While refining your lifestyle isn’t a silver bullet and in some cases cannot address the underlying physical causes of infertility, a healthy body is a strong foundation for both increasing your fertility chances and for an ensuing healthy pregnancy.
The jury is still out on whether stress can be a cause of infertility, as it is an inherently difficult thing to study. (Though scientists have identified biologically plausible mechanisms by which chronic stress can influence our hormones and “switch off” fertility). What we do know is that struggling to have a baby is stressful, and what matters is that we are aware of options for self management and options for professional care.
Focus on finding support
Compounding the sense of stress that can occur with any medical issue, there is a huge emotional component to any fertility struggle - and secondary infertility is no exception. The diagnosis comes with its own specific stigmas and psychological challenges.

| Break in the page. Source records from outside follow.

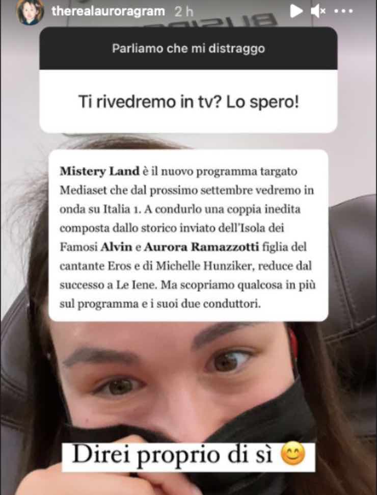 Nella fattispecie, l’utente le chiede se “ti rivedremo presto in tv? Lo spero”. Una domanda a cui prontamente replica la Ramazzotti che mostra un’anticipazione relativa al nuovo programma che andrà a condurre, Mistery Land.
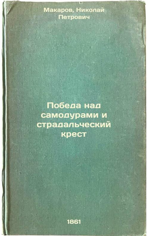 Short description: In Russian. Makarov, Nikolai Petrovich. Victory over narcissism and the suffering cross: St. Petersburg: ed. N. Makarov, 1861. Pobeda nad samodurami i stradal'cheskiy krest. In Russian /The victory over narcissism and the suffering cross. The image is provided for reference only. It may reflect condition of one of the available copies or only help in identifying the edition. Please feel free to contact us for a detailed description of the copies available. SKU3574799
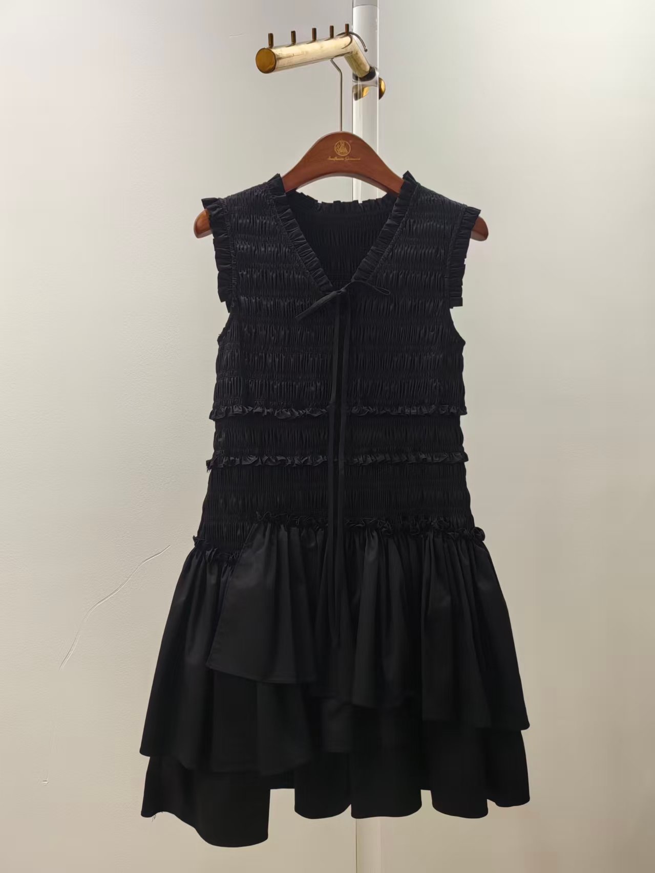 | Technics | Precision horizontal smocking (shirring), ruffle trim stitching, tiered hem construction, self-tie ribbon sewing |
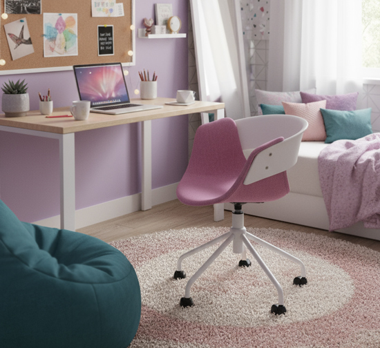 Lekka nowoczesna stylistyka sprawia, że mebel idealnie wkomponuje się w przestrzeń biurową, jak i strefę wypoczynkową w domu (np. pokój dziecka).
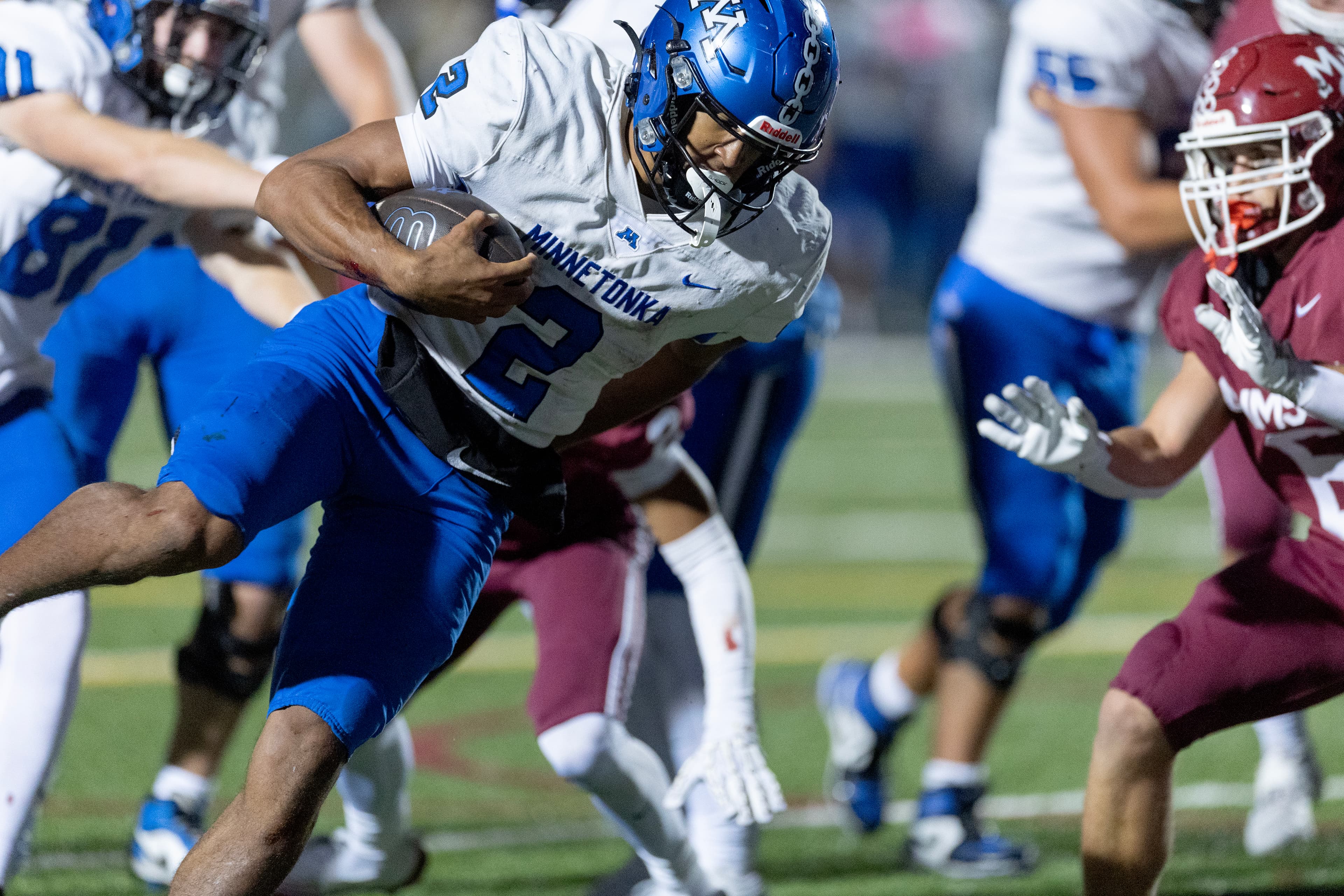 Minnetonka controlled the line of scrimmage in the first quarter en route to a 14-0 lead. Quarterback Caleb Francois led the Skippers on consecutive scoring drives, capping them himself with short touchdown runs.
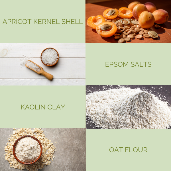 We use ground Apricot Kernel Shells in our Lavender Body Scrub. It doesn't dissolve in water which makes for a longer scrub. It is gentle yet provides deep-cleaning, renewing and detoxifying all skin types.
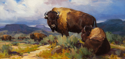 Badlands Bison, 1994, signed Ray Sexton (lower right)

Secondary infertility can be extremely isolating as individuals and couples tend to receive far less social and emotional support than people with primary infertility. Many people also say they feel uncomfortable participating in support channels and groups if they already have a child.
But the need for support still very much exists.
The diagnosis can come with feelings of anger, depression, anxiety and powerlessness. Insensitive comments like “you should feel lucky you have one” can create feelings of guilt even when loving an existing child in no way precludes a right to want to further grow a family, or lessen the pain of that longing.
“I don’t know whether I should just feel grateful for my daughter and have that be enough,” says Jo. “People have told me I need to make my peace with having one child - but deep down I feel like I’ve failed.”
We cannot always control the outcome, but we can work on ways to deal with our situation and how we feel about it.
Focusing on how to get the support we need and taking time for ourselves is so important to caring for our mental and emotional health.